As you may know, in order to find the number of factors for natural number X, we take the prime factorization, add one to each exponent, and multiply, as such.
$200 = 2^3*5^2$
$(3+1)(2+1) = (4)(3) = 12$
If you were to manually list the factors, you would end up with 12. However, it's unclear to me why the following method does not work.
If we are faced with a set N (don't know the set notation from memory) there will be X subsets of N where X is $2^N$. This makes sense, we have the choice to include or not include an element (hence the 2) N times.

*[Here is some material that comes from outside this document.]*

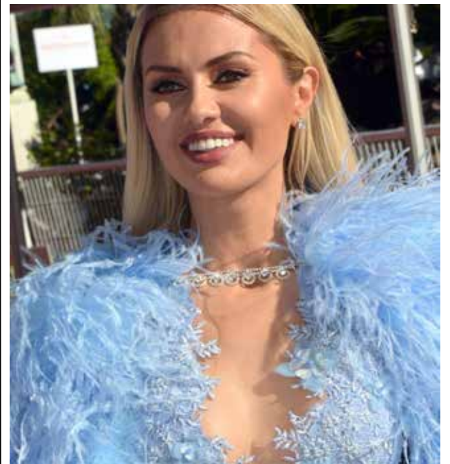
Victoria Bonya.

Creative Commons Attribution-Share Alike 3.0

If we expand $2^3*5^2$ into a set (the prime factorization of 200) we get the set (2, 2, 2, 5, 5). We can either include or not include each of these elements. After all, a factor of a number is just a combination of the same primes numbers that make up a larger number; they are just in smaller amounts/quantities. We can take up to 3 2's and 2 5's from this set. There are 32 subsets of (2, 2, 2, 5, 5) ($2^5$ = 32). Yet, there are 12, not 32 factors, of 200. I do understand this method does not work, however I'm unclear on why it does not work, as the logic seems sensible to me.
I feel I'm missing something obvious :P
It is true that if you have a set $X = \{x_1, \ldots, x_n\}$ (so $|X| = n$), then the powerset $\mathcal{P}(X)$, i.e. the set of all subsets of $X$, has cardinality $2^n$. Unfortunately, you cannot use this for your intentions. Consider the simple case of $4$, which has prime factorisation $2^2$. Going along the same path as you, we get the "set" $X=\{2,2\}$. But then $\mathcal{P}(X) = \{\varnothing, 2, 2, X\}$. We can of course consider some other set $\mathcal{P}(X) \setminus \{\varnothing, X\}$ to get the "set" $\{2,2\}$, but we cannot avoid the problem of counting the same factor multiple times, which has also happened in your case.